You may want the on-fail=block for the promote action though.
in galera the datastore usually ends up corrupted if you stop half-way through an rsync, so we tell pacemaker to leave it alone :-(

> 
>>> (3) promote the designated slave as master
>>> (4) start the old master as slave
>> 
>> (4) is pretty tricky.  Assuming you use master/slave, its supposed to be in
>> this state already after the demote in step (1).
> 
> Back to Pacemaker and our RA. A demote in PostgreSQL is really a stop + start as
> slave. So after a demote, as the master actually did stopped and restart as
> slave, the designated slave to be promoted must have the "shutdown checkpoint"
> in its transaction log from the old master.
> 
>> If you’re just using clones,
>> then you’re in even more trouble because pacemaker either wouldn’t have
>> stopped it or won’t want to start it again.
> 
> We are using stateful clones with the master/slave role. 
> During a Pacemaker "move" (what I call a switchover), the resource is demoted
> in the source node and promoted in destination one.  Considering a demote in
> PostgreSQL is a stop/start(as slave), we are fine with (1) (3) and (4): 
> 
> (1) the demote did stop the old master (and restarted it as slave)
> (3) the designated slave is promoted 
> (4) the old master, connect to the new master
> 
> About (4), as the old master is restarted as a slave in (1), it just wait to
> be able to connect to the new master during (2) and (3) occurs. It might be
> either the "master IP address" that finally appears or some setup in the "post
> promote" notification, etc.
> 
>> See more below.
>> 
>>> As far as we understand Pacemaker, migrate-to and migrate-from capabilities
>>> allows to distinguish if we are moving a resource because of a failure or
>>> for a controlled switchover situation. Unfortunately, these capabilities
>>> are ignored for cloned and multi-state resources…
>> 
>> Yeah, this isn’t really the right use-case.
>> You need to be looking more at the promote/demote cycle.
>> 
>> If you turn on notifications, then in a graceful switchover (eg. the node is
>> going into standby) you will get information about which node has been
>> selected to become the new master when calling demote on the old master.
>> Perhaps you could ensure (2) while performing (1).
> 
> Our RA is already working. It already uses promote/demode notifications. See
> 
>  https://github.com/dalibo/pgsql-resource-agent/blob/master/multistate/script/pgsqlms
> 
> But I fail to understand how I could distinguish, even from notifications, a
> failing scenario from a move/switchover one.
> 
> During a failure on master, Pacemaker will first try to demote it and even
> fence the node if needed. In notification, I will receive the same informations
> than during a move, isn't it?

not quite

> 
> Or maybe you think about comparing active/master/slave/stop/inactive resources
> from notification between the pre and post-demote to deduce if the old master
> is still alive as a slave [1]?

right. if its a migration, then the old master will appear in both $OCF_RESKEY_CRM_meta_notify_master_uname and $OCF_RESKEY_CRM_meta_notify_demote_uname but not $OCF_RESKEY_CRM_meta_notify_stop_uname

> In this scenario, I suppose we would have to keep
> the name of the old master in a private attribute in the designated slave to be
> promoted to compare the states of the old master?
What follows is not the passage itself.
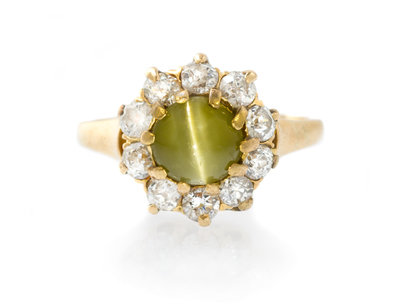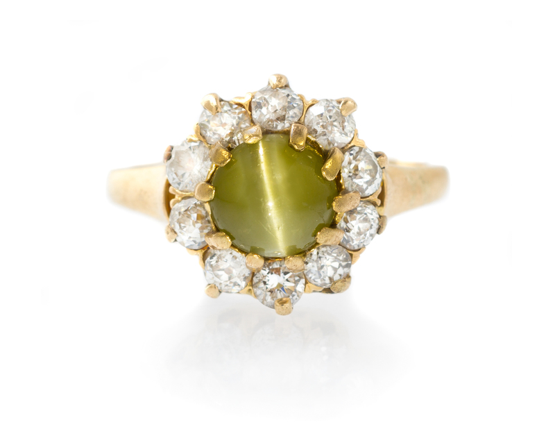 containing one round cabochon cut cat's eye measuring approximately 5.98 x 6.04 x 4.80 mm and 10 old mine and round brilliant cut diamonds weighing approximately 0.70 carat total.

OCF_RESKEY_CRM_meta_notify_master_uname should already have it

> 
> [1] https://github.com/ClusterLabs/pacemaker/blob/master/doc/Pacemaker_Explained/en-US/Ch-Advanced-Resources.txt#L942
> 
>> Its not ideal, but you could have (4) happen in the post-promote notification.
>> Notify actions aren’t /supposed/ to change resource state but it has been
>> done before.
> 
> The step 4 is fine, no problem with it, no need to mess with it, again, sorry
> for the confusion.
> 
> I am sure we can probably find a workaround to this problem, but it seems to me
> it requires some struggling and wrestling in the code to bend it to what we try
> to achieve.
> 
> I thought using migrate-to/migrate-from would have been much cleaner code and
> almost self documented compare to some more conditional blocks with complex
> manipulation and computation (eg. dealing with array of nodes to compare states
> during pre/post demote).

Far from it, migrate-to/migrate-from are incredibly complex inside pacemaker.